1959年。昭和でいえば34年の大会は、中京商(現・中京大中京)と岐阜商(以下、県岐阜商)が決勝を戦ったのだが、テレビ中継が始まって以降の甲子園大会で唯一、放映されなかった。当時の皇太子、つまり現在の上皇さまご夫妻のご成婚と重なってしまったからだ。
NHK、民放問わず、全局がロイヤルウエディングの模様を生中継。地上波のみの当時では、さすがの選抜も誰にも注目されることはなかったというわけだ。隣県対決は3-2で中京商が逃げ切り、3度目の紫紺の大旗をつかんだ。そして敗れた県岐阜商には、のちに野球界のレジェンドとなる選手がいた。
「私にとっては非常に思い出深い試合です。

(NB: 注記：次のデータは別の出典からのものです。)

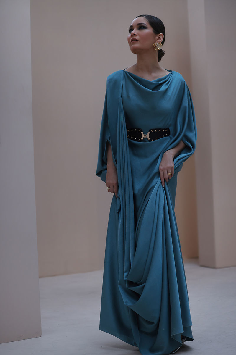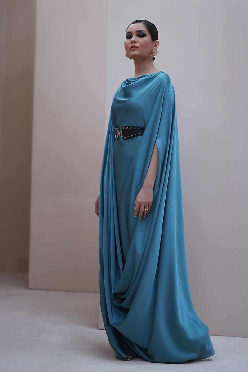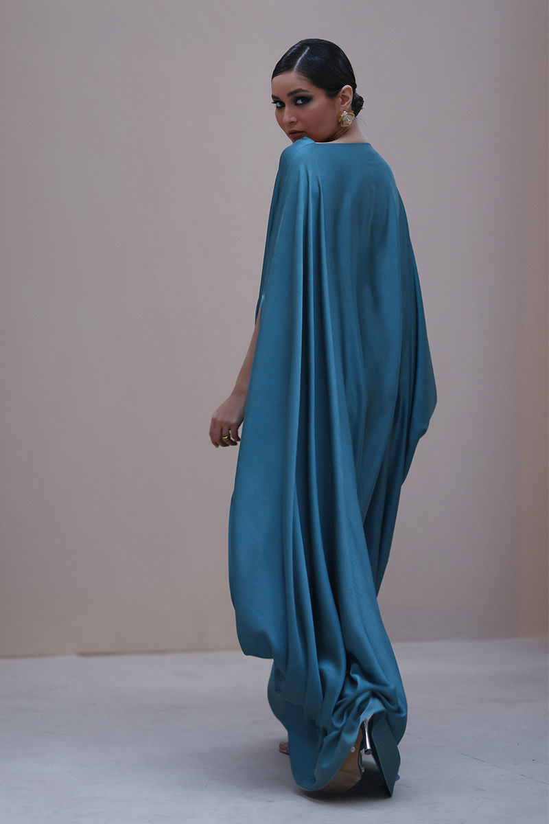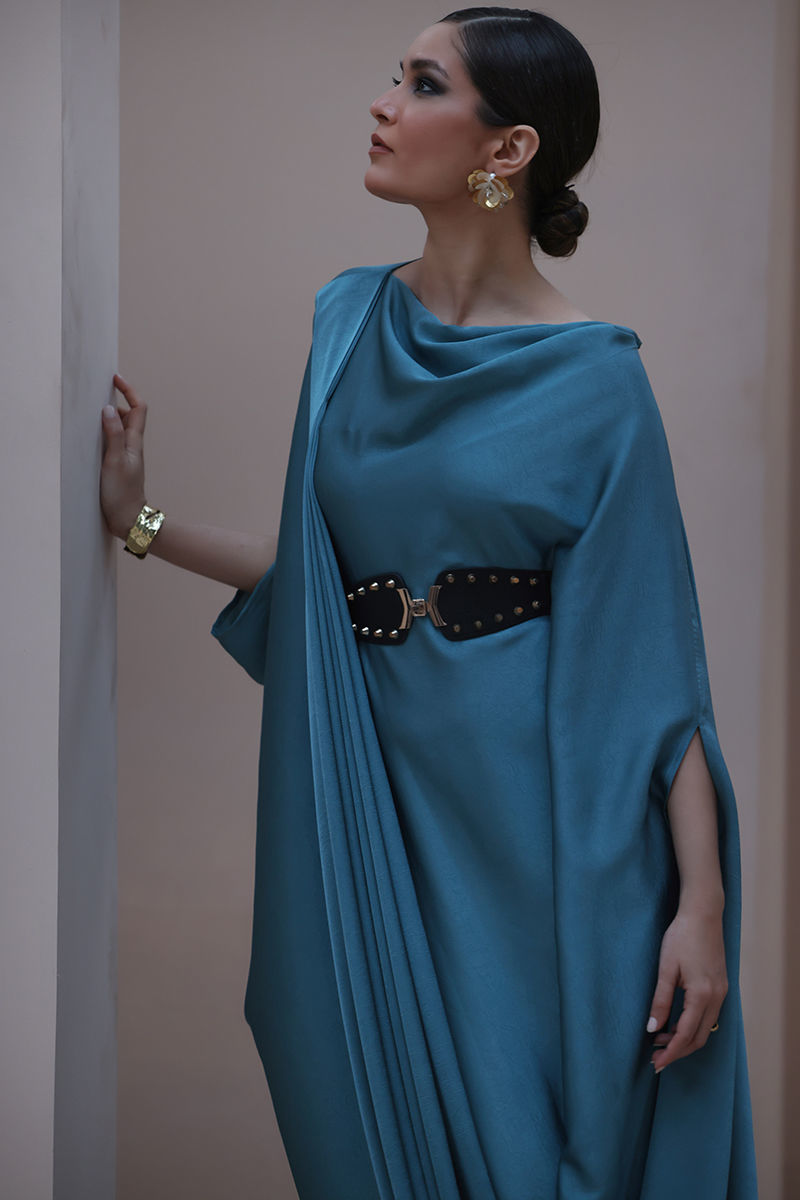 Graceful Allure in Wasabi Green – Crafted from luxurious Marble Silk, this elegantly kaftan exudes effortless sophistication. Designed with a flattering belt at the waistline, it beautifully enhances the silhouette, making it a perfect blend of modern style and timeless elegance.
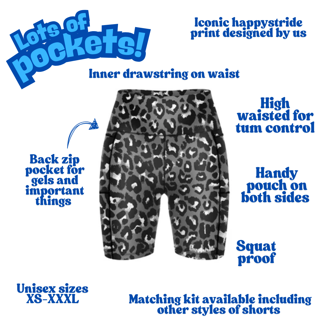 Get spotted in these smokey leopard print fitted running & fitness shorts.
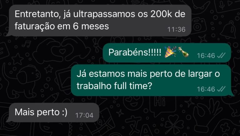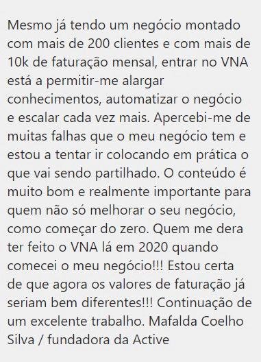 Na altura em que estou a escrever isto, faz praticamente 1 ano que lancei o VNA (Viver de Negócios Automatizados) e foi com enorme prazer que recebi esta mensagem de uma aluna do VNA (que depois seguiu para o programa ELITE)
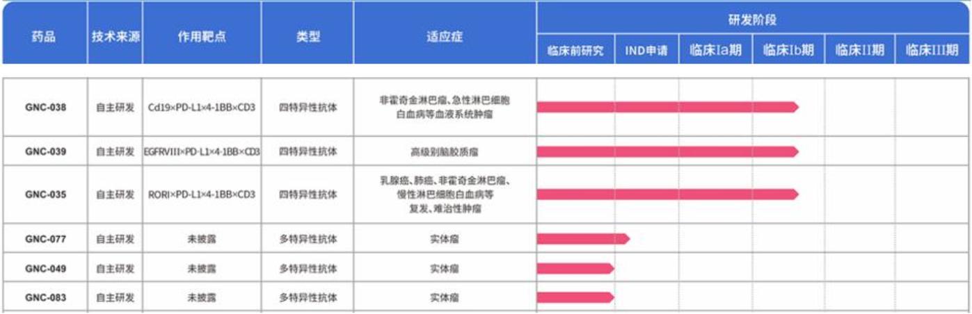 既然双抗能成药,那么多抗理论上也行得通,百利天恒除了在研的SI-B001、SI-B003等双抗外,又开发了GNC-038、GNC-039和GNC-035等3款全新机制创新药,目前均已进入Ⅰ期临床试验阶段,该3款新药是全球前3个进入临床研究阶段的四体分子,此外,还有3款未披露靶点的多抗药物处于临床前阶段。
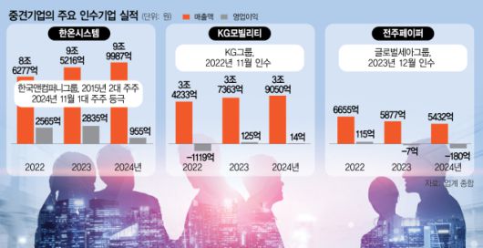 11일 투자은행(IB)업계에 따르면 한국타이어앤테크놀로지, KG, 글로벌세아, 호반, 타이어뱅크 등 주요 중견기업 5곳이 지난 2018년부터 5년간 5조 6921억 원을 투자해 한온시스템 등 15개 기업을 인수했으나 이 중 8개 기업이 적자와 상장폐지 위기, 회생신청 등 저조한 실적을 나타내고 있다. 업계에서는 이들 중견 그룹이 대규모 인수를 통해 일단 사세를 키우는데는 성공했지만 이후 견실한 경영을 하고 있는 지에는 의문을 제기한다.
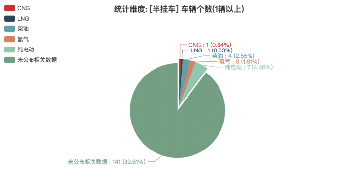 本次公告中的157款半掛車中,CNG(1輛,占比0.64%)、LNG(1輛,占比0.64%)、柴油(4輛,占比2.55%)、氫氣(3輛,占比1.91%)、純電動(dòng)(7輛,占比4.46%)、未公布相關(guān)數(shù)據(jù)(141輛,占比89.81%)。
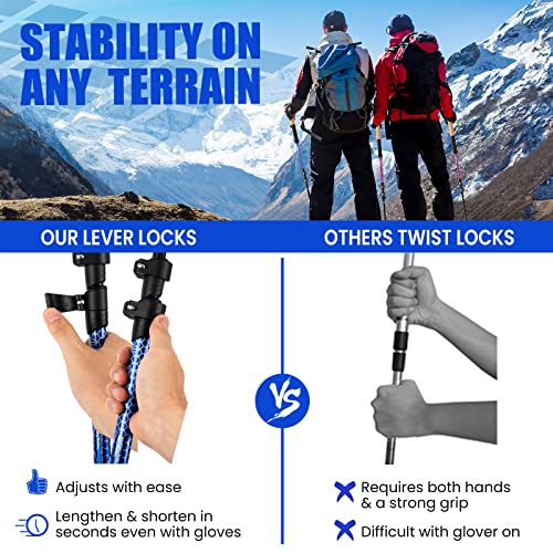 Hiipeak Bastoncini Trekking, Bastoncini Nordic Walking Telescopici Pieghevoli Per Donna e Uomo Bastoni Trekking Estensibili Ultraleggeri Regolabili 90-135 cm con Manico in Sughero. Inclusi Accessori
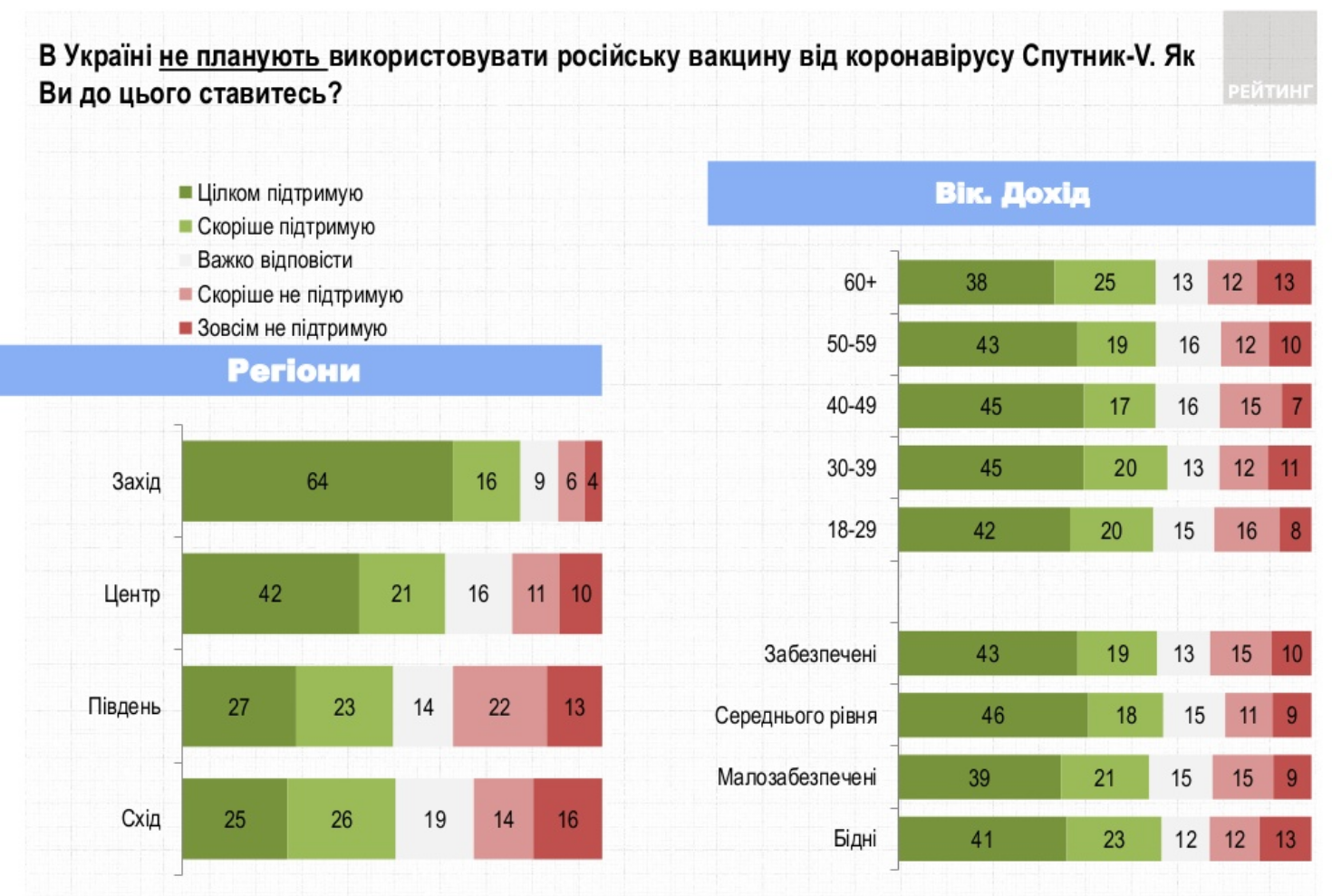 Тих, хто не підтримує відмову від російської вакцини, найбільше серед мешканців Півдня і Сходу.

もちろん、テレビ中継がないのは当たり前。世の中はご成婚一色なんだから。そのことよりも、リードしていたからね。雨が降っていなければ勝てたんじゃないか。そう思ったわけですよ」
今年1月に急逝したミスタードラゴンズ・高木守道氏の生前の言葉である。
県岐阜商の主将であり3番。ほろ苦い青春時代の敗戦だが、当初のスケジュールでは4月8日が決勝戦だった。ご成婚を見越して降雨強行され、3回までは県岐阜商が1-0でリード。ところが雨脚が強まり、ノーゲームになった。翌9日も雨天順延。ついに10日のご成婚と重なってしまった。